### Task item
Please set down, word for word, the line that contains "消息一出,Meta的市值直接" and every line after it to the end of the entries below, omitting the pictures.

· · · · ·

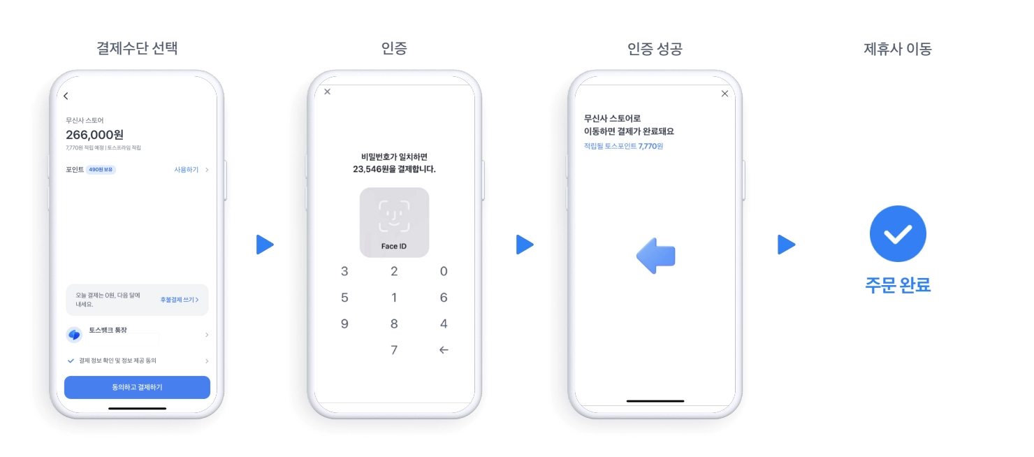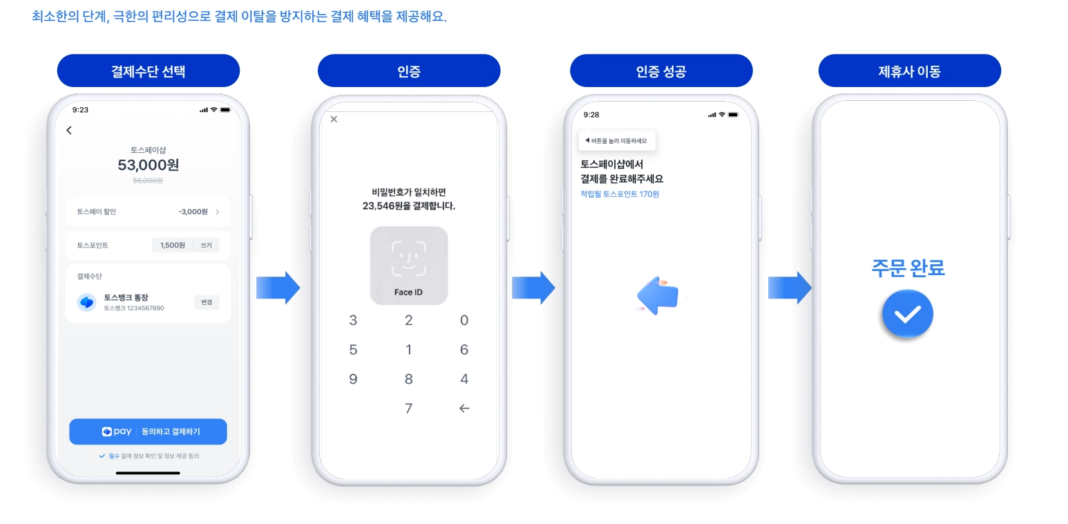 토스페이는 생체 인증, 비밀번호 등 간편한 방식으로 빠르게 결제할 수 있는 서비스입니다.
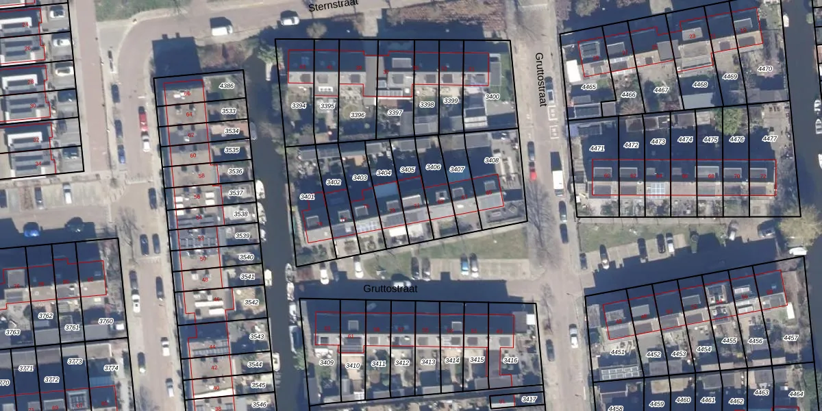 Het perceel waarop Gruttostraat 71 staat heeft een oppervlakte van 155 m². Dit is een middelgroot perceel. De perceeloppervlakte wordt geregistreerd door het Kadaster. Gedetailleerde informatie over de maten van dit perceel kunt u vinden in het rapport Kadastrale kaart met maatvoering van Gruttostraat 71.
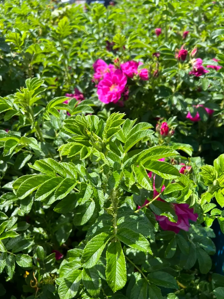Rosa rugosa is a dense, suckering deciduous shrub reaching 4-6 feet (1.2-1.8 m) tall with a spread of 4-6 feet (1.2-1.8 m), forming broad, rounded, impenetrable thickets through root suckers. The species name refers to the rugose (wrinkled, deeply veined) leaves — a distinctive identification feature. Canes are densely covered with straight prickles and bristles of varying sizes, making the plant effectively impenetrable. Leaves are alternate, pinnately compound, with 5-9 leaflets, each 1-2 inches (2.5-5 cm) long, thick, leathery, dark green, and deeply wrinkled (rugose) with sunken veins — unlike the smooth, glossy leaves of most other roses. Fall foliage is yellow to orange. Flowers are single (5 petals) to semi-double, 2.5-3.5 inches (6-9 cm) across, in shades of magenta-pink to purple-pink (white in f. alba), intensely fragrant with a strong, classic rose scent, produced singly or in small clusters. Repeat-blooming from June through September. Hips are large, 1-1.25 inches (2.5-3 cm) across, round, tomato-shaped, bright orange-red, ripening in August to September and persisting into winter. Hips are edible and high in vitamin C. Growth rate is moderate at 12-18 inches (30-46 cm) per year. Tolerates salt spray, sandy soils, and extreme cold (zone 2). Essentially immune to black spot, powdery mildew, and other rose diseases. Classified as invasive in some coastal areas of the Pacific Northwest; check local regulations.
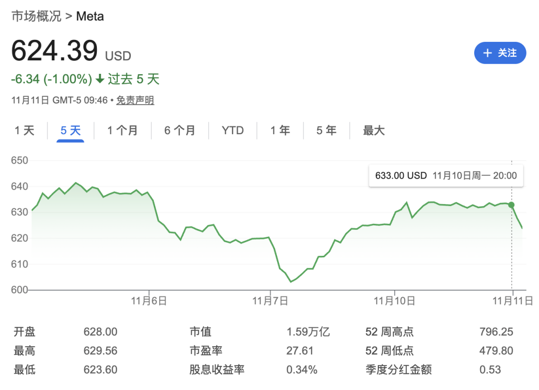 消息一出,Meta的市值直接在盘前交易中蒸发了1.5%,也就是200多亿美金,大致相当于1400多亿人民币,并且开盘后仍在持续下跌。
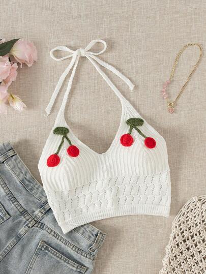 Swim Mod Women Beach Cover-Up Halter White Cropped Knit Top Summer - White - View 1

· · · · ·

### Answer to the exercise
 消息一出,Meta的市值直接在盘前交易中蒸发了1.5%,也就是200多亿美金,大致相当于1400多亿人民币,并且开盘后仍在持续下跌。
 Swim Mod Women Beach Cover-Up Halter White Cropped Knit Top Summer - White - View 1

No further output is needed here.